**Aim of the exercise**
Where a record contains a picture, omit the picture and repeat the rest exactly.
-- Given records follows --
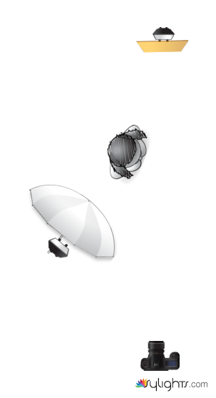 2nd: Front left, speedlite in white shoot-thru brolly, no gel
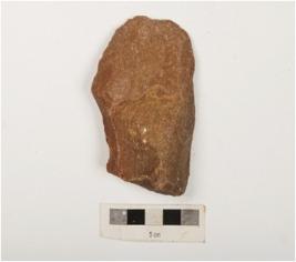 | Description / विवरण | A handaxe made on pebble with alternate flaking on both sides, stone hammer techinque is empolyed. |
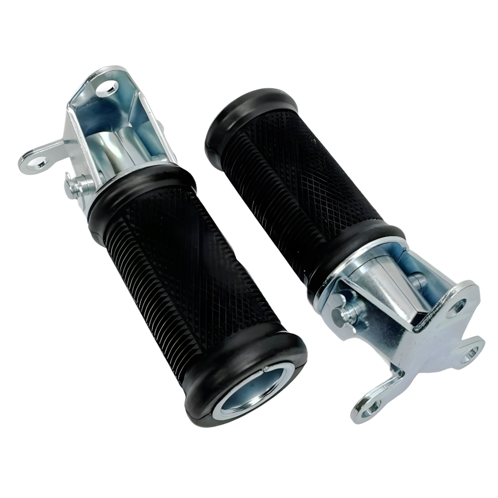 Sada zadních stupaček – pravá i levá včetně držáků, určená pro vybrané motocykly ČZ a Jawa 250/350 (Kývačka, Panelka).
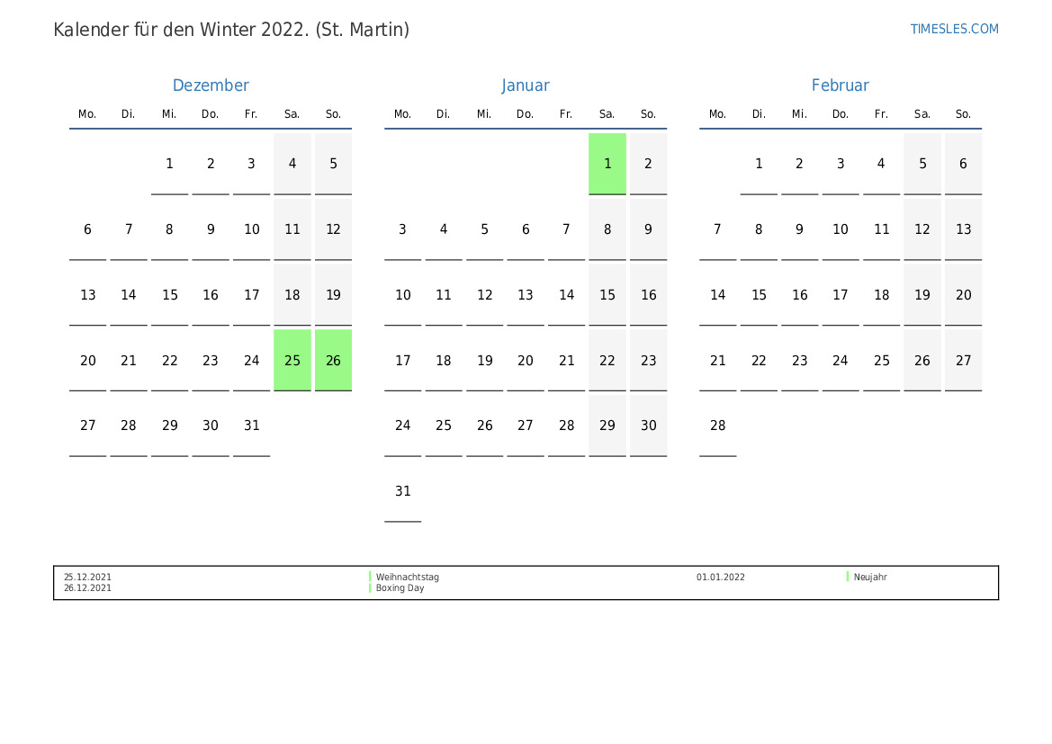Kalender der Feiertage und Wochenenden für den Winter 2022 für Sint Maarten
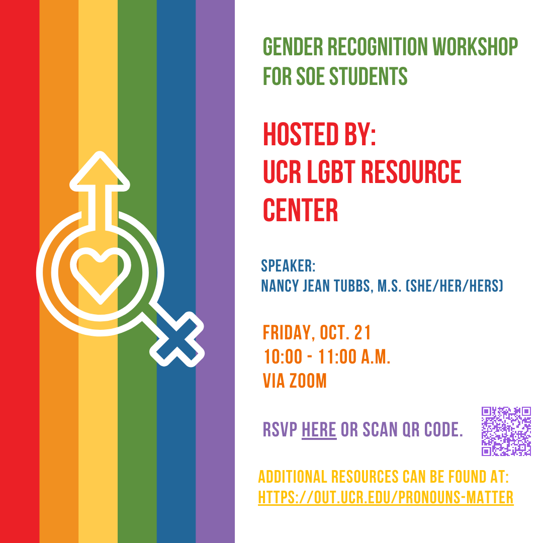 LGBT Resource Center Director, Nancy Jean Tubbs, will be hosting a Gender Recognition workshop for SOE students. This professional development opportunity will be held on Zoom Friday, October 21st from 10-11am. RSVP here<https://ucr.zoom.us/meeting/register/tJMqdO2tpz0oG9zszorJIknF5Xz-ftz4mVSy>. Prior to attending the workshop, you can find additional resources here<https://out.ucr.edu/pronouns-matter>.
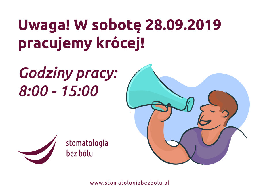 UWAGA! W dniu 28.09.2019 nasza placówka będzie wyjątkowo czynna krócej do godziny 15:00. Serdecznie przepraszamy za utrudnienia.
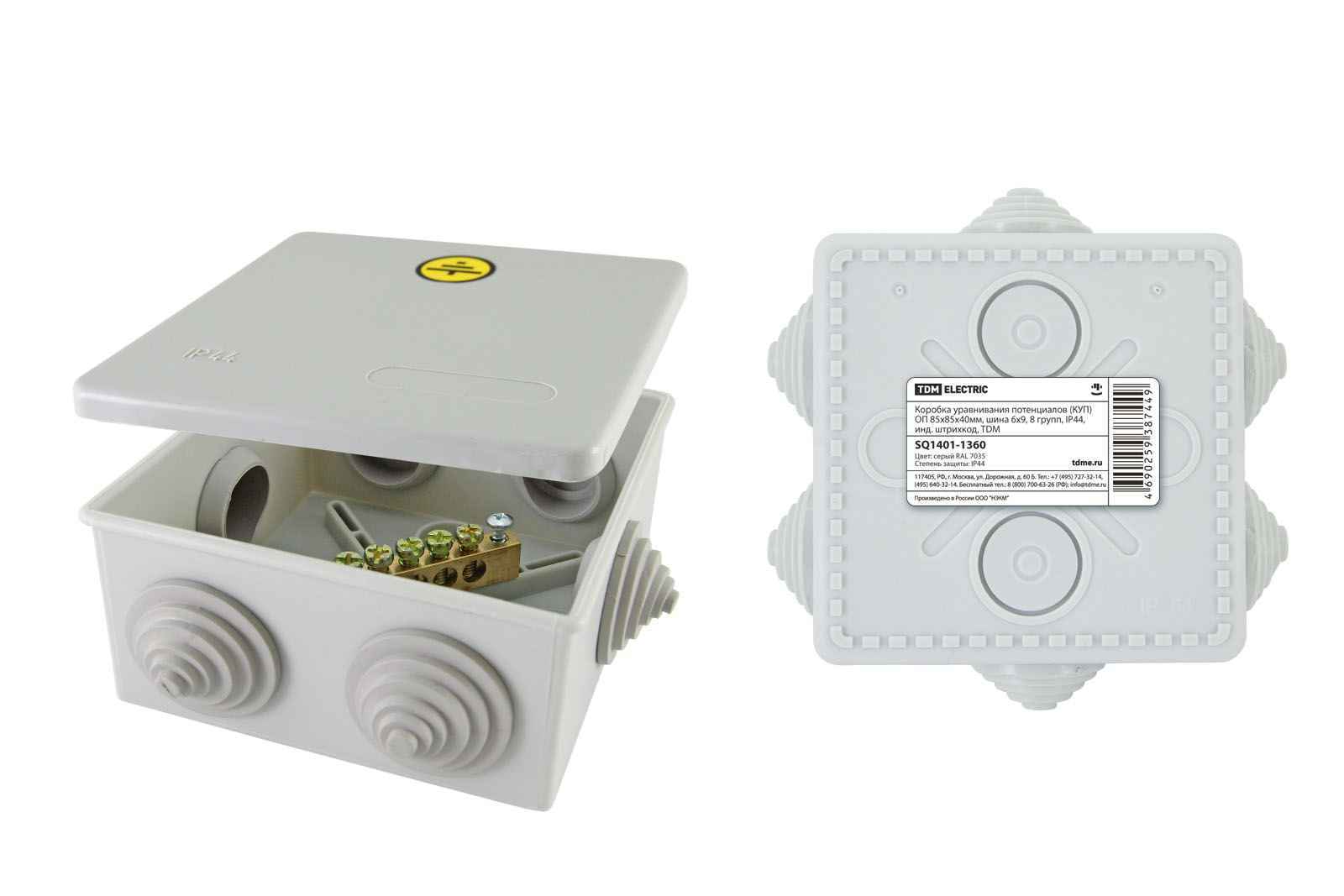Коробка уравнивания потенциалов (КУП) о/п 80х80х45мм шина 6х9 IP55 (РФ)
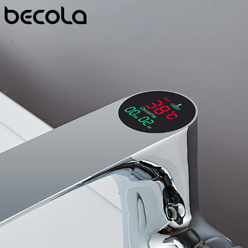 Светодиодный термометр BECOLA, смеситель для ванной комнаты, твердая латунь, хромированный кран для раковины, для холодной и горячей воды
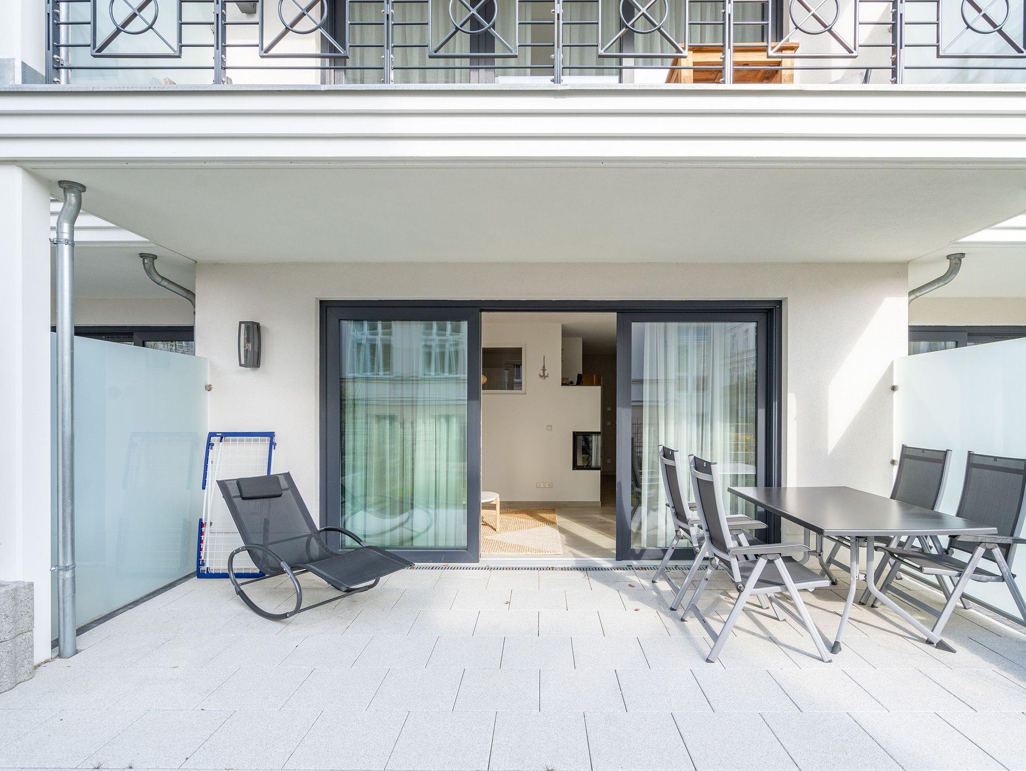 Nur 50m vom Strand entfernt und in einer kleinen Nebenstraße gelegen, empfängt Sie unser neues Domizil Quartier am Strand. Als zweites Objekt am Platz direkt an der schönen Strandpromenade gelegen, fügt sich die Anlage stilvoll zwischen Bäderstilvillen und Strandumgebung ein. Die insgesamt 9 Appartements und 2 Penthouses verfügen über helle und modern eingerichtete 2 bis 3 Zimmer. An kühleren Tagen sorgen Saunen und Kamin, die zu jedem Appartement gehören, für Entspannung in Ihrem Urlaub. Dem Klang der Wellen können Sie bequem von den Terrassen, Balkonen und Dachterrassen aus zuhören, denn jedes Appartement besitzt einen separaten Außenbereich. Der Blick auf die Ostsee ist Ihnen aus einigen Appartements möglich, aus den Penthouses garantiert. Offene Wohnbereiche und voll ausgestattete Küchen komplettieren das neue Objekt Quartier am Strand. Zudem gibt es eine hauseigene Tiefgarage (Einfahrthöhe 2,05 m) sowie einen Außenstellplatz (für Appartement 3), so dass ein eigener PKW-Stellplatz garantiert ist. Zu den weiteren Annehmlichkeiten des Objektes zählt ein Fahrstuhl, der Sie von der Tiefgarage bequem bis in die Etage Ihres Urlaubsdomizils leitet. Kostenfreies W-Lan rundet das Domizil ab. Wir wünschen Ihnen einen schönen Urlaub!
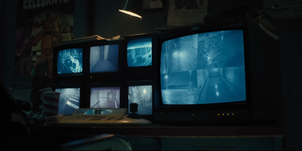 В трейлере есть известные аниматроники: Фредди, Чика и Бонни на сцене пиццерии, где и происходит сюжет фильма. Показали систему с камерами и комнату охранника, точно такую же, как в игре. А еще само здание Freddy Fazbear’s Pizza, которое выглядит заброшенным.
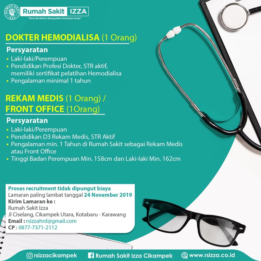 Keterangan lebih lanjut silahkan menghubungi HRD RS IZZA Cikampek
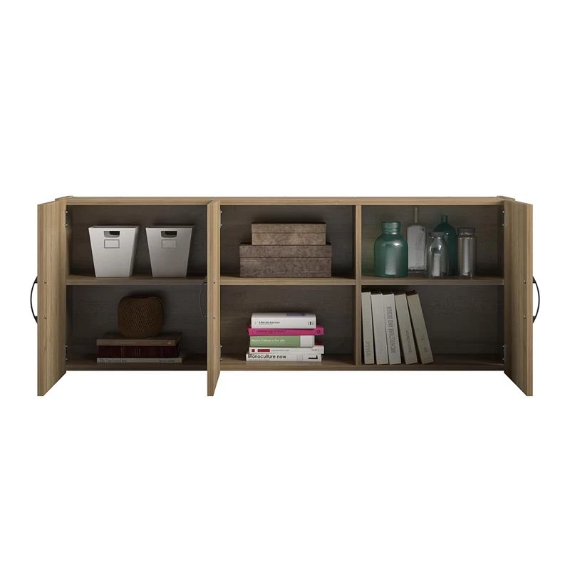 Convert unused wall space into storage with the SystemBuild Lonn 54” Wall Cabinet. Made of laminated MDF and particleboard, the black finish pairs with any décor so the Cabinet can be used anywhere. Use the concealed storage of the Wall Cabinet for laundry essentials and cleaning supplies. The interior of each of the 3 Cabinets features 1 adjustable and 1 fixed shelf. The EZ Hang system makes hanging the Wall Cabinet quick and easy. Simply attach and level the support bar on the wall and hook the Wall Cabinet on for a sturdy and level hang on the first try. Use this piece as a stand-alone item, or combine it with additional SystemBuild Lonn storage items to create the perfect storage solution for your home. The Wall Cabinet ships flat to your door and requires assembly. Two adults are recommended to assemble. Once assembled, the Wall Cabinet measures to be 20.31”H x 54”W x 12.44”D.
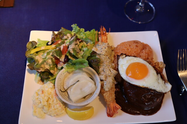 煮込みハンバーグ、有頭大海老フライ、ケチャップライス(2022年3月)
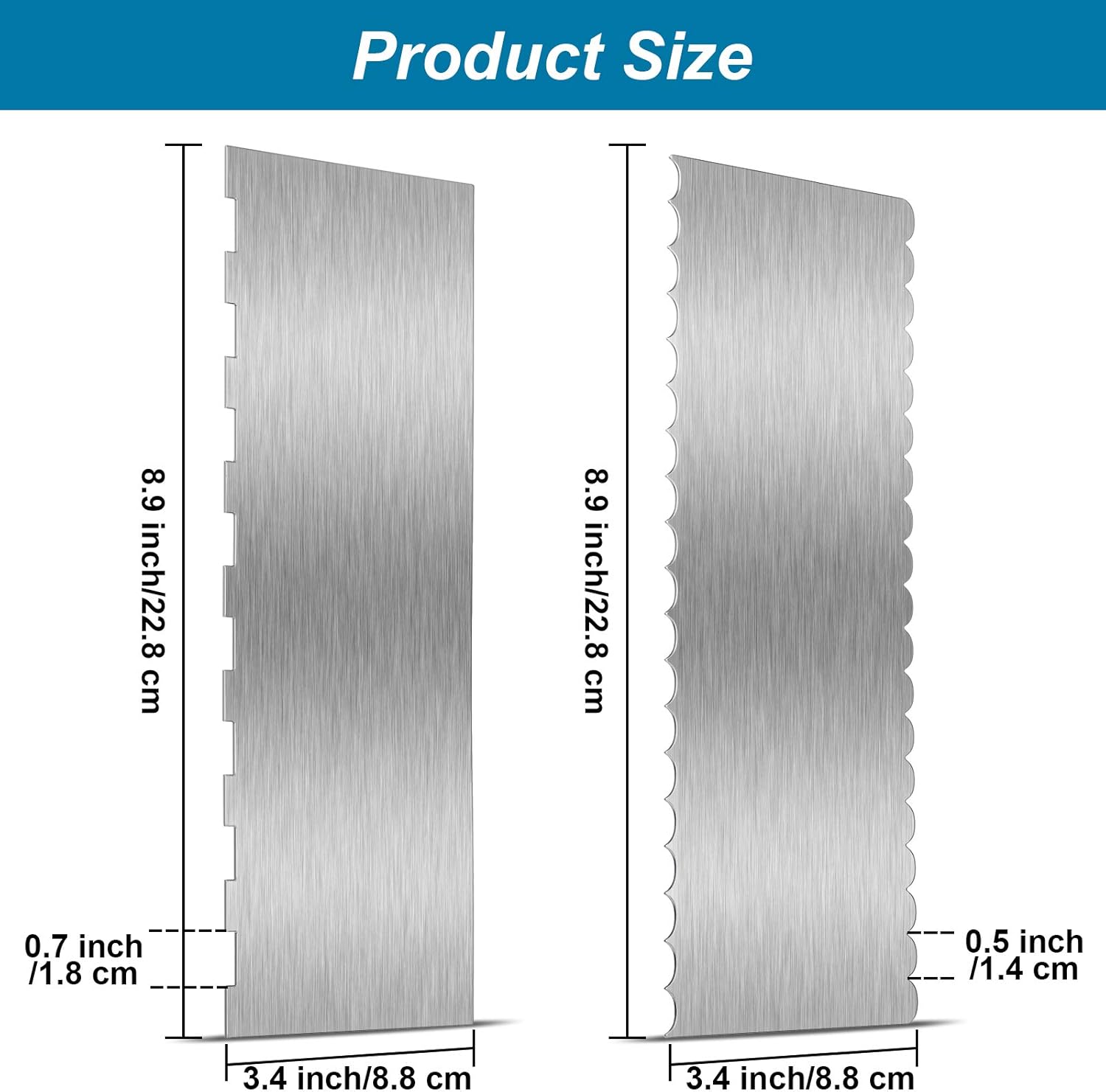 2 Pieces Stainless Steel Cake Scraper Large Double Sided Patterned Edge Stripe Edge Smoother Scraper Cake Decorating Comb Pastry Cutter for Mousse Butter Cream Decoration(9 x 3.4 Inches)
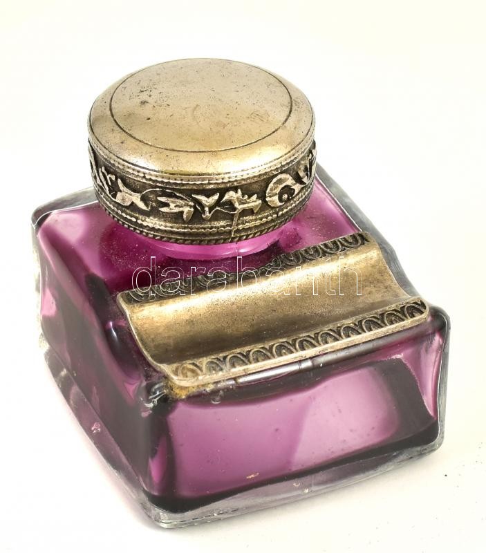 Beschreibung: Tintatartó üveg, fém kupakkal és tolltartó résszel, kis kopásnyomokkal, 5,5×5 cm
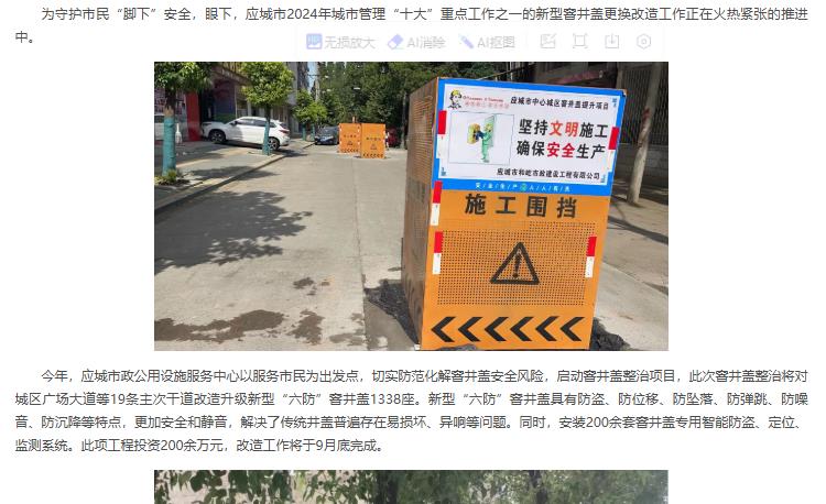 为守护市民“脚下”安全,眼下,多地开展城市新型窨井盖更换改造。如应城市2024年已开展切实防范化解窨井盖安全风险,启动窨井盖整治项目,此次窨井盖整治将对城区广场大道等19条主次干道改造升级新型“六防”窨井盖1338座。新型“六防”窨井盖具有防盗、防位移、防坠落、防弹跳、防噪音、防沉降等特点,更加安全和静音,解决了传统井盖普遍存在易损坏、异响等问题。同时,安装200余套窨井盖专用智能防盗、定位、监测系统。
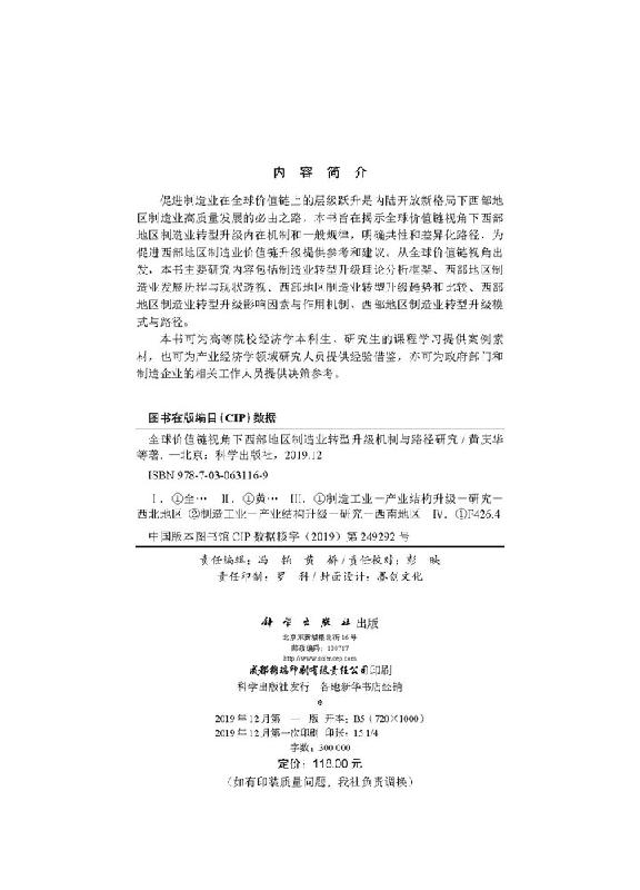 全球价值链视角下西部地区制造业转型升级机制与路径研究
-- Given records concluded --
**Answer space**
 2nd: Front left, speedlite in white shoot-thru brolly, no gel
 | Description / विवरण | A handaxe made on pebble with alternate flaking on both sides, stone hammer techinque is empolyed. |
 Sada zadních stupaček – pravá i levá včetně držáků, určená pro vybrané motocykly ČZ a Jawa 250/350 (Kývačka, Panelka).
Kalender der Feiertage und Wochenenden für den Winter 2022 für Sint Maarten
 LGBT Resource Center Director, Nancy Jean Tubbs, will be hosting a Gender Recognition workshop for SOE students. This professional development opportunity will be held on Zoom Friday, October 21st from 10-11am. RSVP here<https://ucr.zoom.us/meeting/register/tJMqdO2tpz0oG9zszorJIknF5Xz-ftz4mVSy>. Prior to attending the workshop, you can find additional resources here<https://out.ucr.edu/pronouns-matter>.
 UWAGA! W dniu 28.09.2019 nasza placówka będzie wyjątkowo czynna krócej do godziny 15:00. Serdecznie przepraszamy za utrudnienia.
Коробка уравнивания потенциалов (КУП) о/п 80х80х45мм шина 6х9 IP55 (РФ)
 Светодиодный термометр BECOLA, смеситель для ванной комнаты, твердая латунь, хромированный кран для раковины, для холодной и горячей воды
 Nur 50m vom Strand entfernt und in einer kleinen Nebenstraße gelegen, empfängt Sie unser neues Domizil Quartier am Strand. Als zweites Objekt am Platz direkt an der schönen Strandpromenade gelegen, fügt sich die Anlage stilvoll zwischen Bäderstilvillen und Strandumgebung ein. Die insgesamt 9 Appartements und 2 Penthouses verfügen über helle und modern eingerichtete 2 bis 3 Zimmer. An kühleren Tagen sorgen Saunen und Kamin, die zu jedem Appartement gehören, für Entspannung in Ihrem Urlaub. Dem Klang der Wellen können Sie bequem von den Terrassen, Balkonen und Dachterrassen aus zuhören, denn jedes Appartement besitzt einen separaten Außenbereich. Der Blick auf die Ostsee ist Ihnen aus einigen Appartements möglich, aus den Penthouses garantiert. Offene Wohnbereiche und voll ausgestattete Küchen komplettieren das neue Objekt Quartier am Strand. Zudem gibt es eine hauseigene Tiefgarage (Einfahrthöhe 2,05 m) sowie einen Außenstellplatz (für Appartement 3), so dass ein eigener PKW-Stellplatz garantiert ist. Zu den weiteren Annehmlichkeiten des Objektes zählt ein Fahrstuhl, der Sie von der Tiefgarage bequem bis in die Etage Ihres Urlaubsdomizils leitet. Kostenfreies W-Lan rundet das Domizil ab. Wir wünschen Ihnen einen schönen Urlaub!
 В трейлере есть известные аниматроники: Фредди, Чика и Бонни на сцене пиццерии, где и происходит сюжет фильма. Показали систему с камерами и комнату охранника, точно такую же, как в игре. А еще само здание Freddy Fazbear’s Pizza, которое выглядит заброшенным.
 Keterangan lebih lanjut silahkan menghubungi HRD RS IZZA Cikampek
 Convert unused wall space into storage with the SystemBuild Lonn 54” Wall Cabinet. Made of laminated MDF and particleboard, the black finish pairs with any décor so the Cabinet can be used anywhere. Use the concealed storage of the Wall Cabinet for laundry essentials and cleaning supplies. The interior of each of the 3 Cabinets features 1 adjustable and 1 fixed shelf. The EZ Hang system makes hanging the Wall Cabinet quick and easy. Simply attach and level the support bar on the wall and hook the Wall Cabinet on for a sturdy and level hang on the first try. Use this piece as a stand-alone item, or combine it with additional SystemBuild Lonn storage items to create the perfect storage solution for your home. The Wall Cabinet ships flat to your door and requires assembly. Two adults are recommended to assemble. Once assembled, the Wall Cabinet measures to be 20.31”H x 54”W x 12.44”D.
 煮込みハンバーグ、有頭大海老フライ、ケチャップライス(2022年3月)
 2 Pieces Stainless Steel Cake Scraper Large Double Sided Patterned Edge Stripe Edge Smoother Scraper Cake Decorating Comb Pastry Cutter for Mousse Butter Cream Decoration(9 x 3.4 Inches)
 Beschreibung: Tintatartó üveg, fém kupakkal és tolltartó résszel, kis kopásnyomokkal, 5,5×5 cm
 为守护市民“脚下”安全,眼下,多地开展城市新型窨井盖更换改造。如应城市2024年已开展切实防范化解窨井盖安全风险,启动窨井盖整治项目,此次窨井盖整治将对城区广场大道等19条主次干道改造升级新型“六防”窨井盖1338座。新型“六防”窨井盖具有防盗、防位移、防坠落、防弹跳、防噪音、防沉降等特点,更加安全和静音,解决了传统井盖普遍存在易损坏、异响等问题。同时,安装200余套窨井盖专用智能防盗、定位、监测系统。
 全球价值链视角下西部地区制造业转型升级机制与路径研究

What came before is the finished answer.